Editing the Output Files

In general, you should correct the input file or use different lddtool command line options rather than editing the output schemas directly. But there are some cases where direct editing of the output might be in order.

Adding Schematron Rules
If the <DD_Rule> class cannot create the Schematron statements you need to perform a specific type of necessary validation, you may have to add them manually. Even if you are a Schematron shaman, do not do this as an alternative to using <DD_Rule> when <DD_Rule> can do the job, because manual editing of the schema files after generation is a potential giant opportunity for failure in maintenance as the archive ages. If you do have to add things manually to the Schematron file, please document what you added and why either in a separate text file that you add to the XML product (that is, modify the output label to point to this new file). This will minimize the risk of the documentation being lost or inadvertently destroyed.
Complex namespace relationships
If you are working on a very big and very complex mission, and have actually agreed with your lead PDS node that you need to further subdivide your mission namespace into several smaller namespaces, then you may need to manually edit the namespace identifiers in your schemas to add a level below the /mission/ level. There are references to the namespace being defined near the top of both the .xsd and .sch files that will need to be modified. Do not do this without approval from your PDS lead node.
Changing File Names
If you decide to change the names of the output schema files from what was generated by lddtool, you will need to edit the output label file to reflect the new names. In this case no changes are needed in the schema files or in the JSON file, if one was created.

Testing the Schemas

It is extremely important that you test your schemas with one or more labels specifically designed to exercise each and every validation condition you created.
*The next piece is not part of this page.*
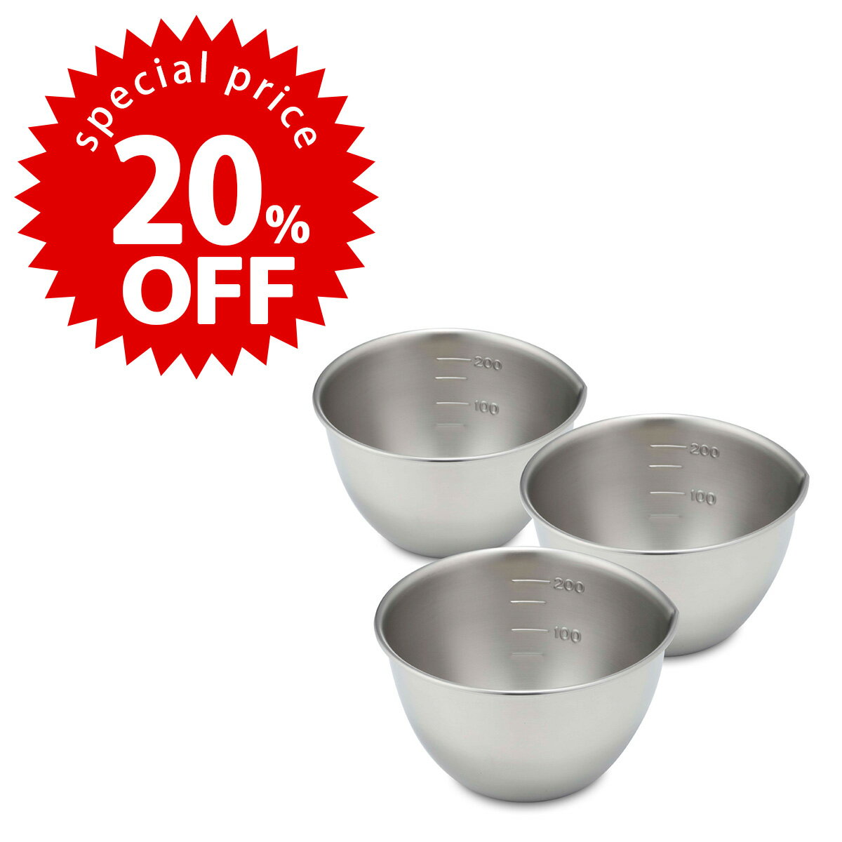 【 スーパーセール 期間限定 20%OFF 】ママクック プチボール 3個セット 日本製ステンレスボウル キッチンボウル ミニボウル ステンレスボール セット コンパクト 目盛付き 下ごしらえボウル 下ごしらえボール 小分け18-8 注ぎ口付き 調理ボウル 卵 燕三条 下村企販

Testing is critical, and can be particularly tricky with Schematron files involved. You should design one or more labels specifically to check that each validation condition you coded into your input file is being properly checked and flagged. This is not as simple as just making sure that a label that was previously valid is still valid. Consider the case of an attribute that must have one of three permissible values. Here are the cases that should be checked before considering the associated schemas valid:

  • If the attribute is required and is not present, an error must be reported
  • If the attribute is present and has a permissible value, no error should be reported.
  • If the attribute is present and has a value that is not permissible, an error should be reported.
  • If the attribute is optional and is not present, no error should be reported.
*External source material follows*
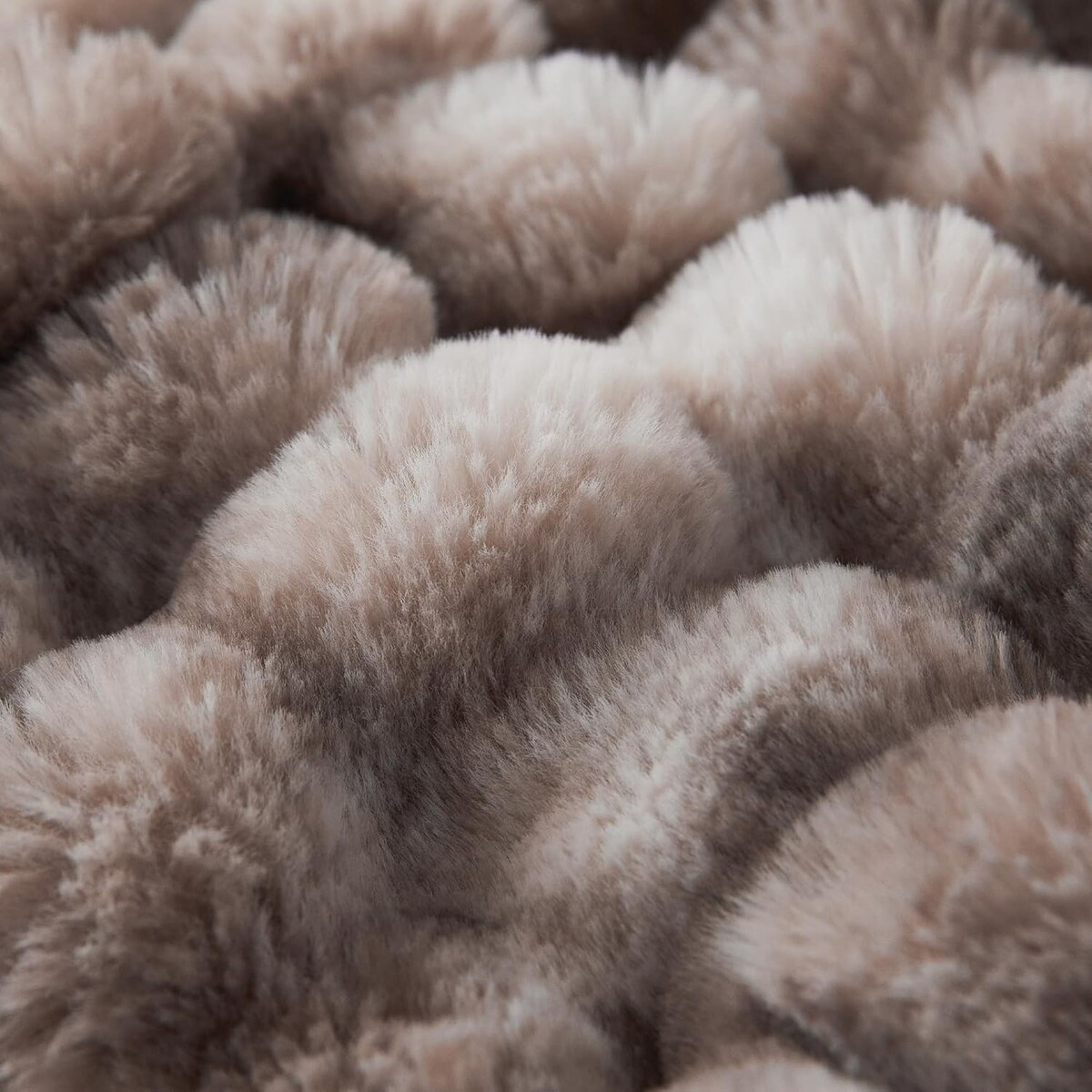 Faux Rabbit Fur Plush Throw Blanket Brown Cream Quilted 50x60 Luxe Home Decor

It is annoyingly easy, for example, to write a Schematron rule to constrain the value of an optional attribute that will report an error if the attribute is not present - thus effectively requiring the presence of an attribute that you had intended to be optional. Schematron rules added to enforce complex relationships between attributes and classes are prime candidates for unintended consequences like this.

It is even easier to introduce a typographical error into a permissible value that will go unnoticed indefinitely if not detected in testing.

And it's practically guaranteed that if you make regular use of the <DD_Rule> class in your input file, that at some point you will mistype something in a <rule_context> attribute that will prevent that Schematron rule from ever firing. Unless you specifically test for the error that rule should be flagging, you will never know there is a problem. It is not an error to have a non-existent context (or attribute) referenced in your Schematron file.

If you create your test labels in parallel as you develop your dictionary, the task will seem far less onerous, as well as providing some useful experience using the dictionary you are creating.